Let two circles $C_1$ and $C_2$ intersect in points $A$ and $B$. The tangent to $C_1$ at $A$ intersects $C_2$ in $P$ and the line $PB$ intersects $C_1$ for the second time in $Q$ (suppose that $Q$ is outside $C_2$).
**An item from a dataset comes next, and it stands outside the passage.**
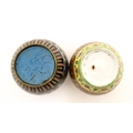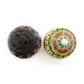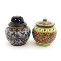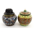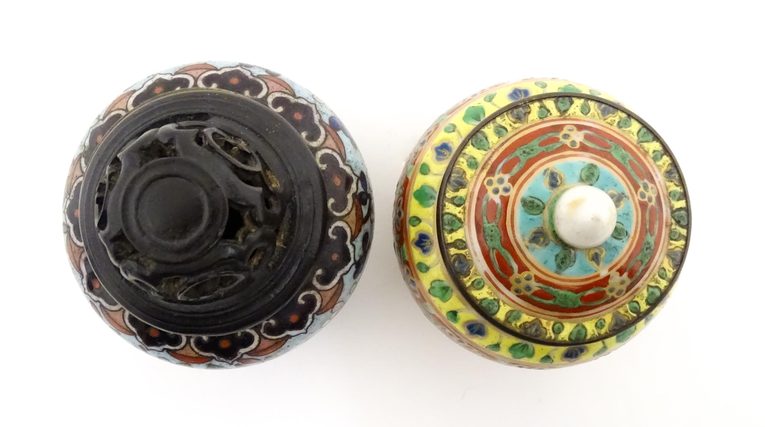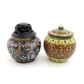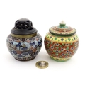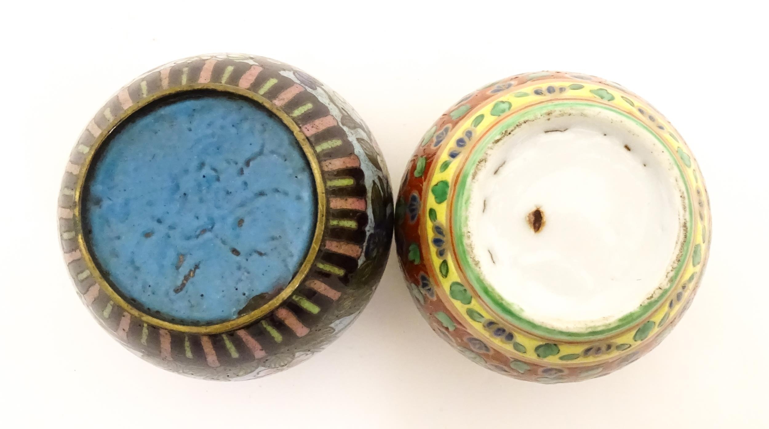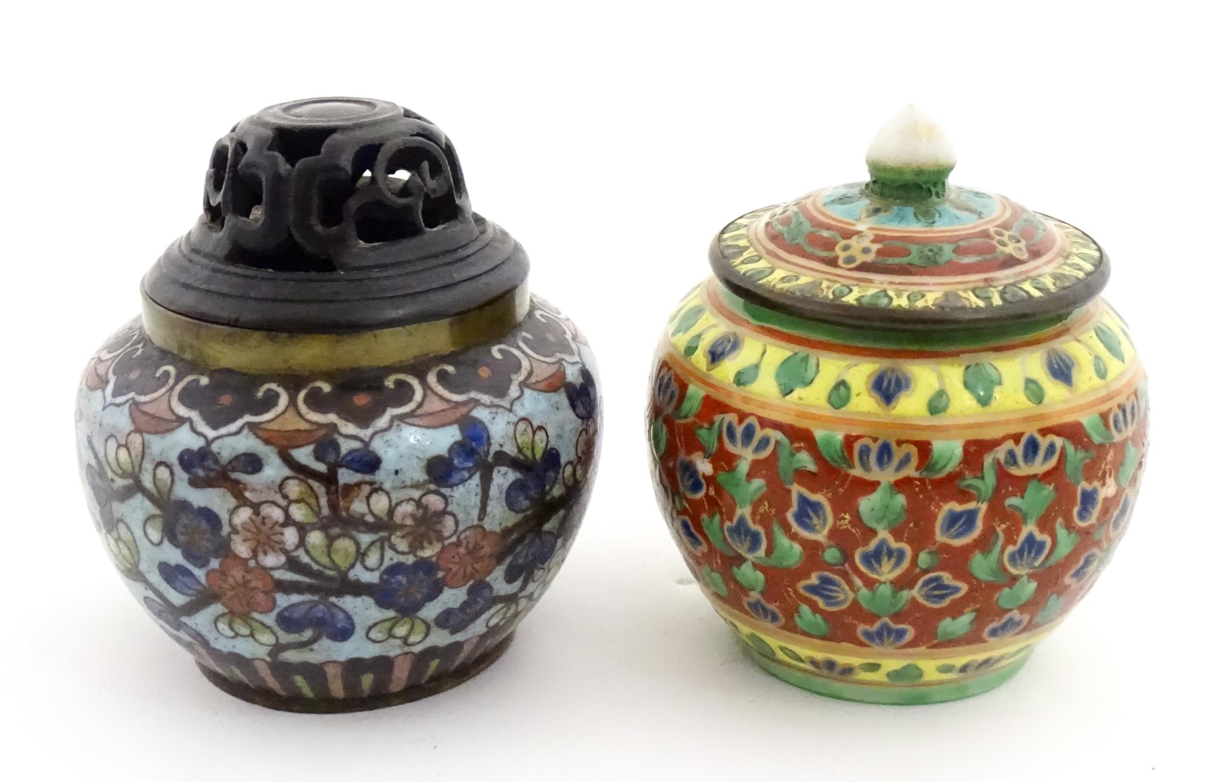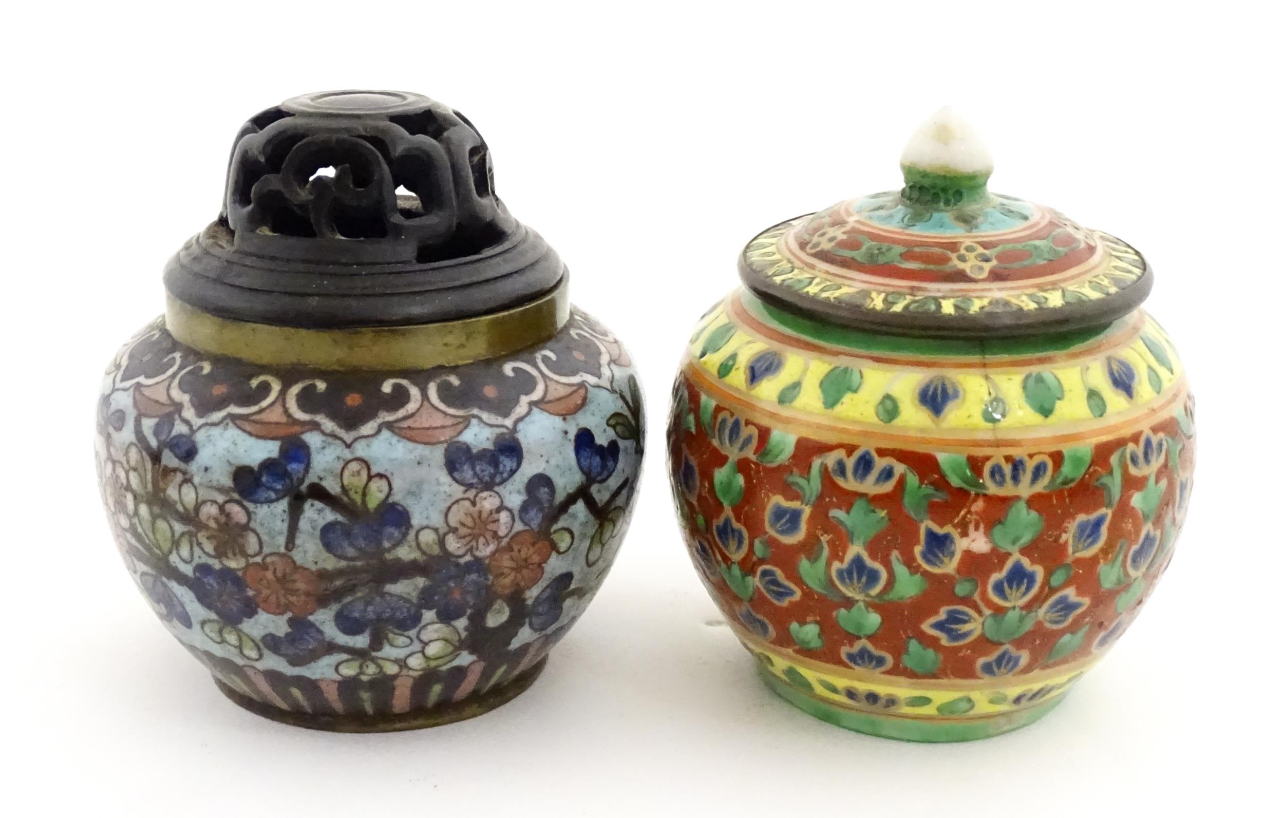 A small Oriental cloisonne pot with floral and foliate decoration. Together with a small Chinese ceramic pot and cover with flower detail. Largest approx. 3" high overall (2)

The tangent to $C_2$ from $Q$ intersects $C_1$ and $C_2$ in $C$ and $D$, respectively. (The points $A$ and $D$ lie on different sides of the line $PQ$.) Show that $AD$ is the bisector of $\angle CAP$. Proposed by Iman Maghsoudi
Problem
Source: Iranian Geometry Olympiad 2016 Medium 2
Tags: geometry
iliyash
26.05.2017 14:45
Here's the full problems and solution link: http://igo-official.ir/wp-content/uploads/2016/12/igo_2016_-_problems__solutions_-_english.pdf
ThE-dArK-lOrD
26.05.2017 19:02
We have $\angle{ADC}=\angle{APD}$ and $\angle{ADP}=\angle{ABP}=180^{\circ}-\angle{ABQ}=180^{\circ}-\angle{ACQ}=\angle{ACD}$. So $\angle{CAD}=\angle{DAP}$.
smdp
17.09.2019 22:48
The proof doesn't use the condition that $AP$ is tangent to $C1$ at $A$. Therefore it isn't necessary condition.
geometry6
06.01.2021 11:54
Solution. $$\angle CAD=\angle CAB+\angle BAD=\angle CQB+\angle BDQ=\angle DBP=\angle DAP.\quad\blacksquare$$
Mahdi_Mashayekhi
27.12.2021 09:51
∠DAC = ∠DAB + ∠BAC = ∠DQB + ∠BDQ = ∠DBP = ∠DAP. we're Done.
lian_the_noob12
31.08.2023 18:14
$$\angle CAD=\angle BAC+\angle BAD=\angle CQB+\angle BDQ=\angle DBP=\angle DAP \blacksquare$$